The research herein was conducted using a literature review, as well as guided discussions with key state-level officials. The literature review focused on available data sources, data dictionaries, state legislation, and research on per se concentrations for cannabis and driving. Structured interviews were then conducted with representatives and stakeholders in each of the six states with non-zero tolerance per se limits for cannabis presence in drivers. The project sought to understand, for each state, what data is currently linked or would need to be linked in order to track outcomes of cases from the arrest through the disposition of the case, and what data processes would need to be enacted to link these data (i.e., whether records would need to be manually linked using case identifiers).
The literature review focused on available data sources, data dictionaries, state legislation, and research on per se concentrations for cannabis and driving. Literature on the effects of non-zero tolerance per se concentrations for cannabis on the legal system is limited in breadth, and very few studies have attempted to quantify the impact of per se laws on traffic safety outcomes. The literature review was not designed to evaluate the body of literature on per se limits, but rather to gain information on state data systems, data quality, data linkage, and the feasibility of conducting later analyses on the effects of these policies using available state data.
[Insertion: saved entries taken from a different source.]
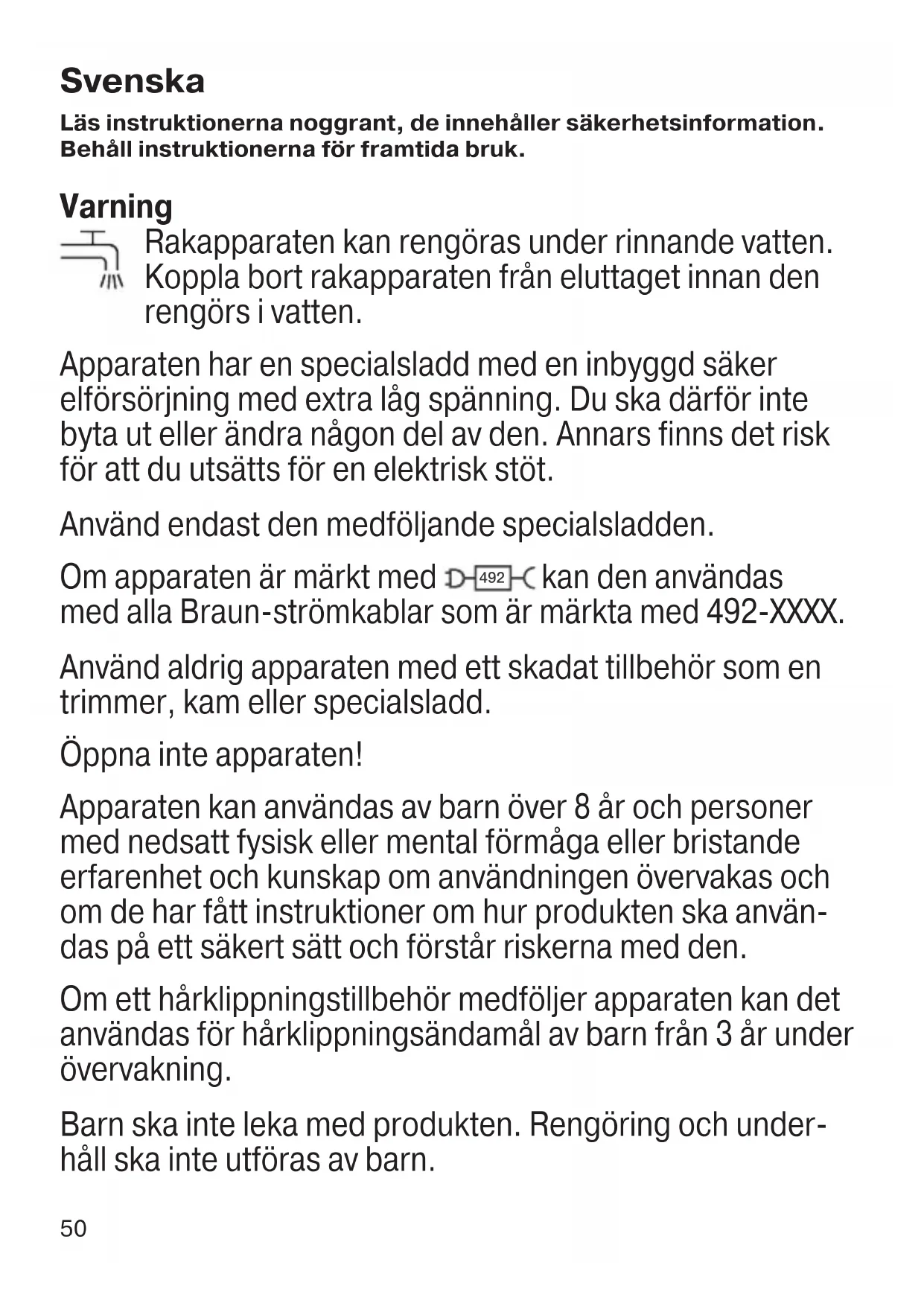 For varer kjøpt i Norge har kunden garanti i henhold til NEL’s Leveringsbe- tingelser. 90012280_Type5542_BT_7350_7340_7330_7320_5365_5360_5342_5340_MN_ANZ.indd 4990012280_Type5542_BT_7350_7340_7330_7320_5365_5360_5342_5340_MN_ANZ.indd 49 13.09.21 09:1913.09.21 09:1950 Svenska Läs instruktionerna noggrant, de innehåller säkerhetsinformation. Behåll instruktionerna för framtida bruk. Varning Rakapparaten kan rengöras under rinnande vatten. Koppla bort rakapparaten från eluttaget innan den rengörs i vatten. Apparaten har en specialsladd med en inbyggd säker elförsörjning med extra låg spänning. Du ska därför inte byta ut eller ändra någon del av den. Annars finns det risk för att du utsätts för en elektrisk stöt. Använd endast den medföljande specialsladden. Om apparaten är märkt med
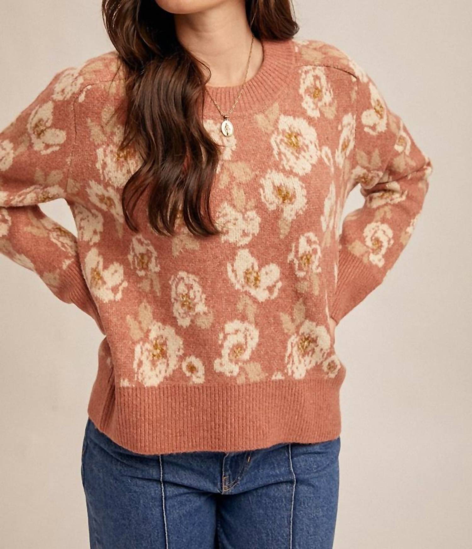 The ultimate go-to sweater, expertly crafted to provide the perfect combination of warmth and style. Its classic design and soft fabric make it a must-have addition to your wardrobe. Introducing the Floral Motif Sweater by Hem & Thread, an ultra-soft essential that promises both comfort and style. This long sleeve piece, crafted from 74% Acrylic, 22% Polyester, and 4% Spandex, showcases a charming abstract floral pattern in a soothing Winter Rose hue. Designed in a relaxed fit, it features a classic crew neck, making it ideal for minimalist spring occasions. The pull-on style simplifies wear, while care is straightforward with machine wash and lay flat to dry instructions.
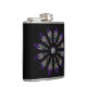 A lovely stained glass pattern adorns this flask in dominant colours of purple, blue, yellow and black. Twelve abstract feathers circle a central mask to form a spiritual mandala design with a Native American sensibility.
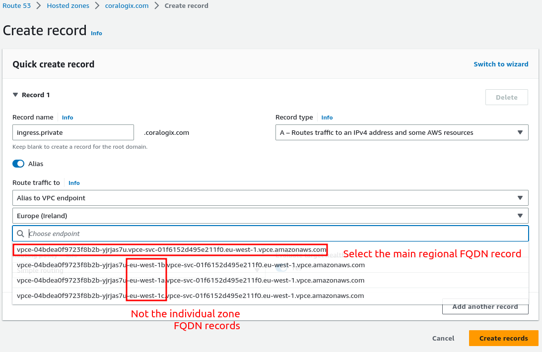 ingress.private. - Configure the record as an alias to a VPC endpoint.
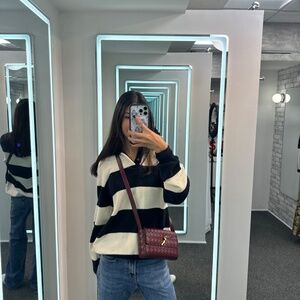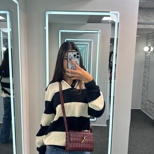 Burgundy leather in the classic Bottega Veneta intrecciato weave, gold-tone hardware, adjustable crossbody strap that can be tucked in to make the bag a clutch, magnetic and pull through closure at front, single interior zip pocket
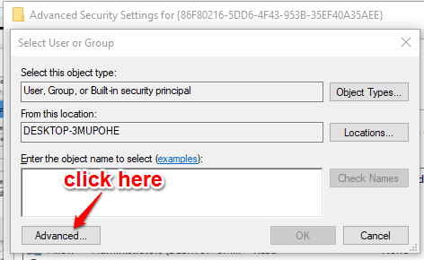 Step 7: A small window (Select User or Group) will open. That window contains “Advanced” button. Click on it.
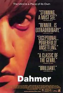 Dahmer is a 2002 American drama film written and directed by David Jacobson, and co-written by David Birke.[1] A limited theatrical release, it is based on the crimes of Jeffrey Dahmer, a serial killer, who killed seventeen men and boys in Bath, Ohio and Milwaukee, Wisconsin between 1978 and 1991. It stars Jeremy Renner as Dahmer, and co-stars Artel Great, Matt Newton, Dion Basco and Bruce Davison.

The results are presented in sections detailing (1) empirical research on the effects of per se laws and (2) data management and integration.
Each state examined in this study has its own unique policy, data systems, and potential for integration. Thus, separate feasibility assessments are provided for each, in addition to a description of the state’s statute, law enforcement testing and citation data, toxicology testing and procedures, and judicial processing and court data. A process flow chart has also been developed for each study state. In general, the ideal analytic approach requires data that specifically tracks all individuals arrested for per se violations throughout the entire legal process (including dropped or reduced charges and across all dispositions) from the time of arrest through the final disposition of the case. Furthermore, these data should differentiate cannabis-related offenses (specifically per se violations due to THC) from other types of impaired driving. This requires high-quality data across three general domains: law enforcement (e.g., when drug testing may be conducted, where the data are maintained), toxicology (e.g., laboratory capabilities and limitations, reporting of results), and judicial outcomes (e.g., how and where records are stored and maintained). The report discusses each in turn.